Кун Цю был слишком честен и прямодушен, слишком презирал интриги, лицемерие, пустословие и лесть, чтобы пользоваться успехом среди царедворцев. Мог ли рассчитывать на благосклонность царей и вельмож тот, кто «ненавидел хитрых говорунов» и считал постыдным для себя «скрывать свое недовольство другими и поддерживать с ними видимость дружеских отношений?» Кун Цю полагал ниже своего достоинства искать покровительства сильных мира сего и тем более заискивать перед ними. Свой долг подданного он видел в том, чтобы говорить правителю правду в лицо. И без колебаний исполнял этот долг, никогда, впрочем, не нарушая приличий. Вся жизнь Конфуция предстает цепью его встреч с правителями – встреч каждый раз многообещающих и всегда оканчивающихся безрезультатно. Многие из власть имущих, кажется, искренне хотели бы привлечь этого мудреца к себе на службу, внять его советам, но каждый раз Конфуций, явившись на аудиенцию, как нарочно выговаривал своему предполагаемому патрону самую горькую, самую болезненную для него правду. И оставался не у дел. Непреодолимая стена отделяла мечты Конфуция от действительности.
Нельзя сказать, впрочем, что планы Кун Цю были только беспочвенными, заведомо несбыточными мечтаниями. У будущего учителя были перед глазами вдохновляющие образцы для подражания. Как раз в его молодые годы сразу в нескольких царствах Срединной страны в должности первого советника государя оказались энергичные политики-реформаторы, не принадлежавшие к олигархии, подобной «трем семействам» в Лу. Их возвышение стало возможным благодаря острым противоречиям среди аристократов, скорее согласных поставить у власти постороннего человека, чем кого-то из своих давних коллег-соперников.

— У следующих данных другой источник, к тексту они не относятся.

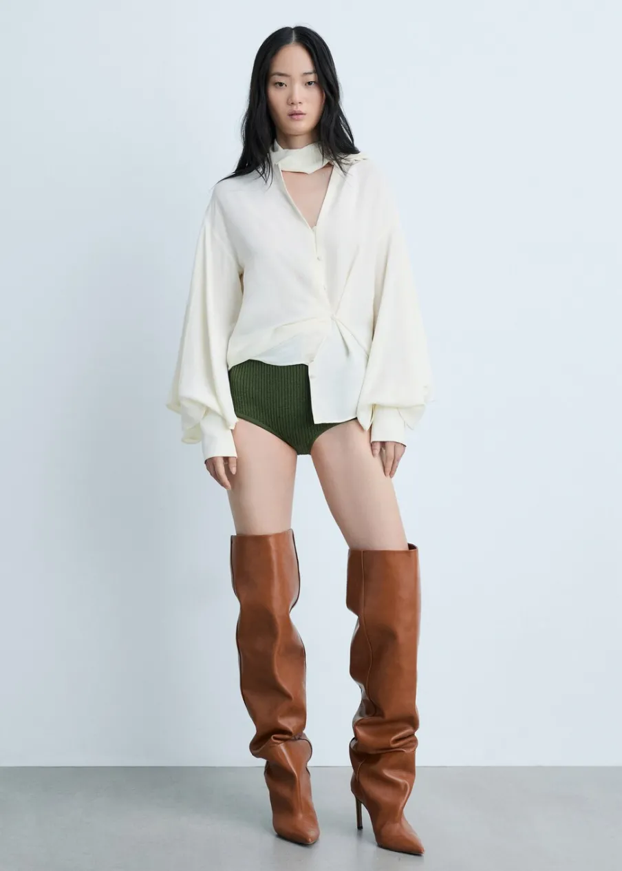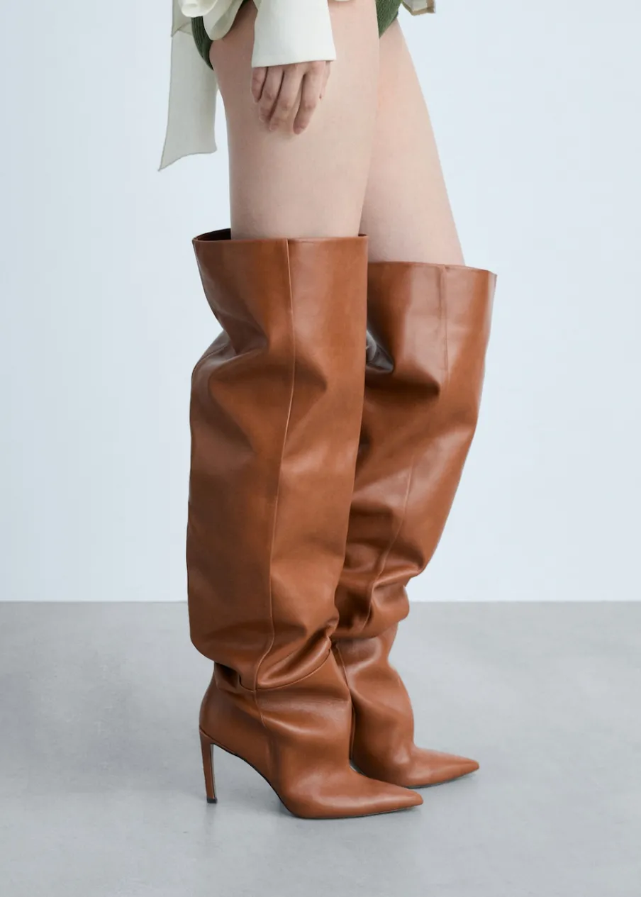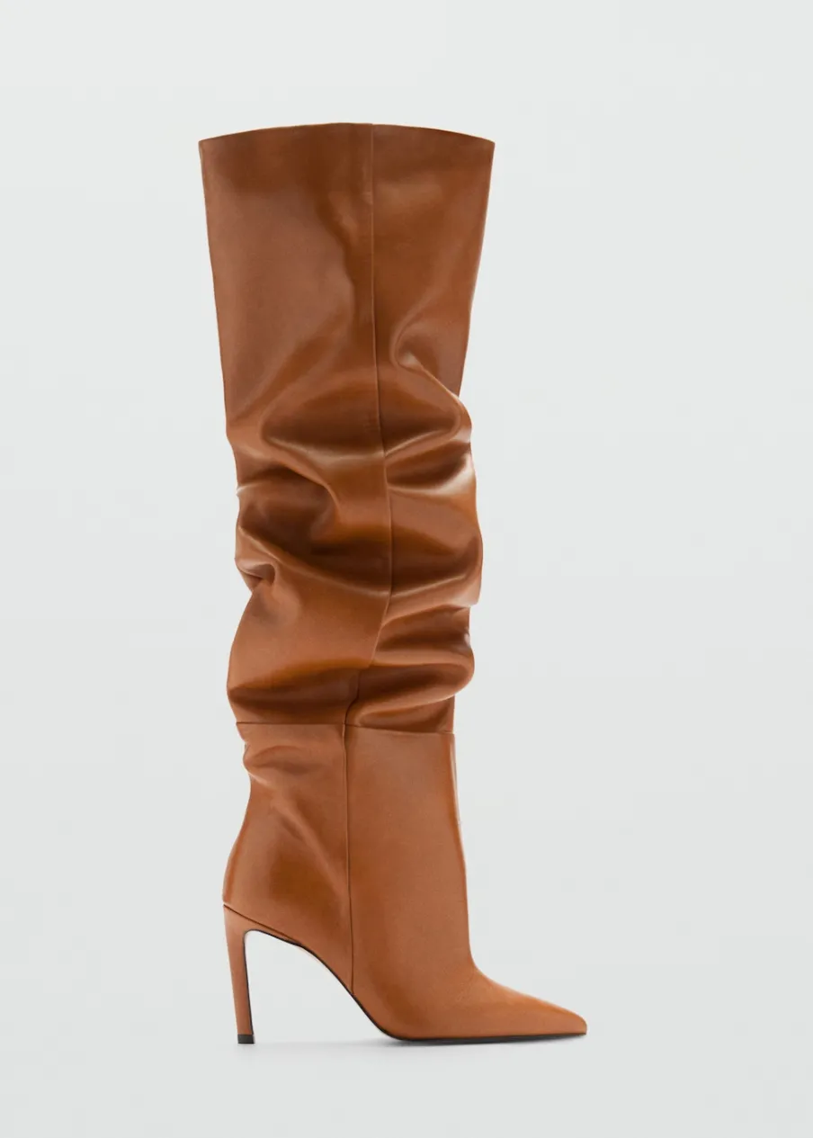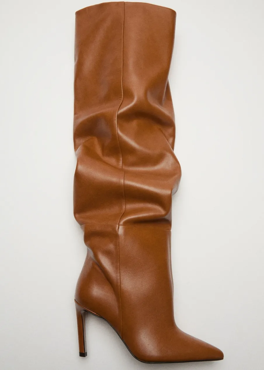 100% skóra bydlęca. Wysoka cholewka. Obcas szpilka. Spiczaste zakończenie. Obcas mierzy 7 cm. Bez zapięcia. Marszczony detal. Wyłącznie online.

Наибольшую известность из этой плеяды государственных деятелей приобрел первый советник царства Чжэн Цзы-Чань, умерший в 522 году до н. э., когда Кун Цю исполнился тридцать один год. Цзы-Чань был достойным представителем нового поколения служилых людей, полагавших, что в управлении государством главное – не обряды и небесные знаменья, а интересы народа. Он вел удачную внешнюю политику, осуществил административную и налоговую реформы, но более всего прославился тем, что отлил бронзовые сосуды, на которых был начертан свод государственных законов. Это новшество всколыхнуло весь Поднебесный мир, ведь прежде жизненный уклад чжоусцев целиком регулировался «ритуалом», то есть, говоря широко, обычаем. Кун Цю высоко ценил в Цзы-Чане талант государственного деятеля и позднее отозвался о нем в следующих словах: «…в поведении был учтив, в служении господину уважителен, в управлении народом мудр, в отношениях с людьми справедлив». Однако сам он был убежден, что исправление общества надо начинать с исправления людей, а исправление людей – с усовершенствования самого себя. Он верил в неотразимую силу нравственного воздействия. Он не сомневался в том, что тот, кто уповает на действие закона, не заботясь о воспитании и нравственных качествах людей, будет строить на песке.
Как может управлять другими тот, кто неспособен управлять собой?
Если сам прям, то люди все исполнят и без приказаний. А если сам не прям, то слушаться не будут, даже если им прикажешь.
Трудно оспорить эти истины, хотя, возможно, не менее трудно вывести из них какие-нибудь практические правила для политики. В них говорит жизненная мудрость, которую не так-то просто облечь в отвлеченные формулы. Подлинная стихия Конфуция – не публичность законов, не «общие выводы», а всегда конкретные, изменчивые, несводимые к абстрактным правилам отношения между людьми. Отношения между личностями, которые держатся интимным пониманием и не нуждаются ни в каких внешних свидетельствованиях: Конфуций – убежденный противник принуждения и споров. Он не ищет истину, ибо носит ее в себе. В сущности, он должен жить в кругу близких, доверенных людей, захваченных общей целью, общим отношением к жизни. Его среда – это не общество, даже не та или иная община, а сама социальность, сообщительность людей. Его занятие – не деятельность, а отдохновение, возвышенная праздность, приучающая внимать затаенному ритму жизни. Настоящая мудрость, часто повторял Конфуций, – это «знание людей». Конфуций-учитель живет в этом сокровенном пространстве доверительного общения, интимного сообщества сердец. Примечательно, что само слово «ученый» (цзы) употреблялось в школе Конфуция для обозначения как учителя, так и учеников!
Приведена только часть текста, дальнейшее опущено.